As the year turns
12/21/18

●Market closures, end-of-year tax issues create unique market environment

●End-of-year pattern has shifted in recent decades


 

It’s rally time!

Right?

The most popular perception of what happens around this time of the year is probably the “New Year’s rally,” which is the tendency for the stock market to start January with an up move—exactly what it did last year, when eight of the first nine trading days of 2018 were up. That type of price action may have been more typical a generation or more ago, but for the past 30 years, at least, it looks more like the exception than the rule.

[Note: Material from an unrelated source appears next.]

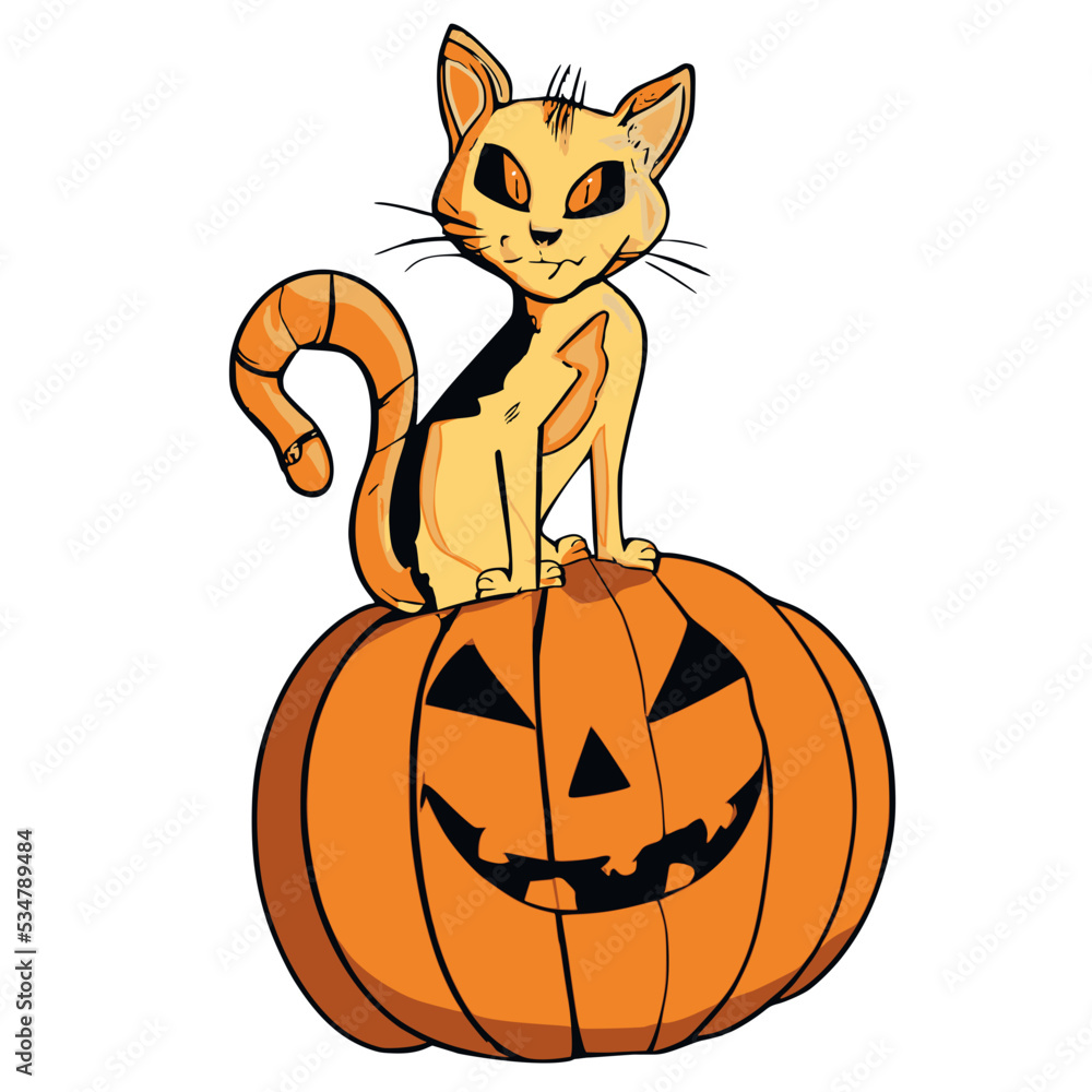Naklejka Bajki - Halloween zombie cat and pumpkin #534789484
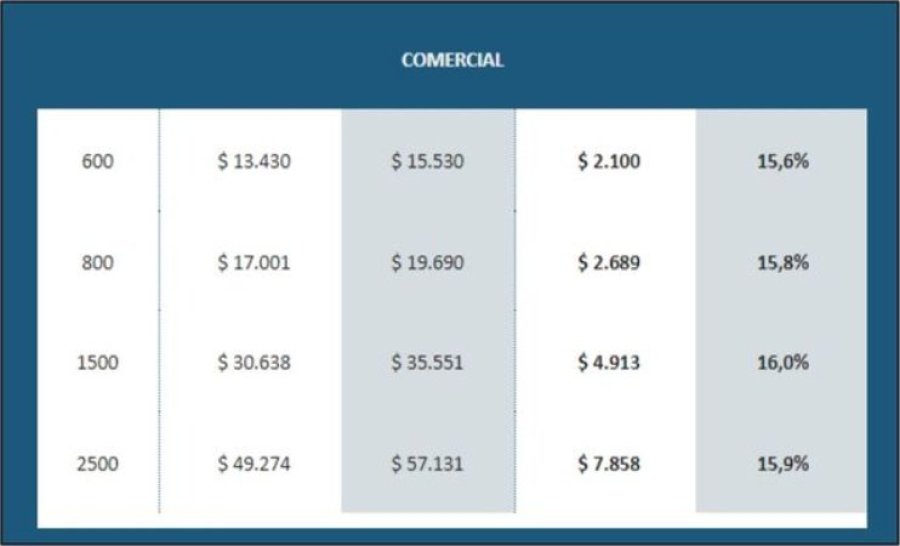 En el caso de los consumos de Grandes Usuarios con potencia menor a 300 kW, y usuarios generales de Pequeñas Demandas (comercios, industrias, consorcios de propiedad horizontal e instituciones) se aplicará la misma política de retiro de subsidios para usuarios residenciales de Nivel 1 (altos ingresos).

The following chart shows the S&P 500’s (SPX) returns for the final five trading days of one year and the first five of the next, since 1988-1989. The top half of the chart shows each day’s median gain or loss, and the bottom shows the percentage of times each day closed higher:

S&P 500 (SPX) median returns, 1988–1989 to 2017–2018

Source: Power E*TRADE


The most notable one-day pattern has probably been the tendency for the last day of December to close lower: It’s been a down day 20 out of the past 30 years (including last year), with a -0.42% median return—weakness that is often attributed to traders wanting to liquidate certain open positions by the end of the year to simplify their taxes. Also, the fourth day before New Year’s Day (Wednesday, December 26 this year) closed up in 21 of 26 years (70% of the time).

The bigger lesson is that the first five days of the new year haven’t exactly been gangbusters. Only one of them—day 2, the most bullish—closed higher more than 50% of the time. Days 1, 3, and 4 actually had negative median returns, and none of these three days closed up more than half of the time.

So pay attention to the issues that are driving the market as 2018 transitions into 2019. The market doesn’t just automatically rally—or sell off—just because the calendar hits a certain date.

Today’s numbers (all times ET): Quadruple Witching expiration, Durable Goods Orders (8:30 a.m.), GDP (8:30 a.m.), Corporate Profits (8:30 a.m.), Personal Income and Outlays (10 a.m.), Consumer Sentiment (10 a.m.).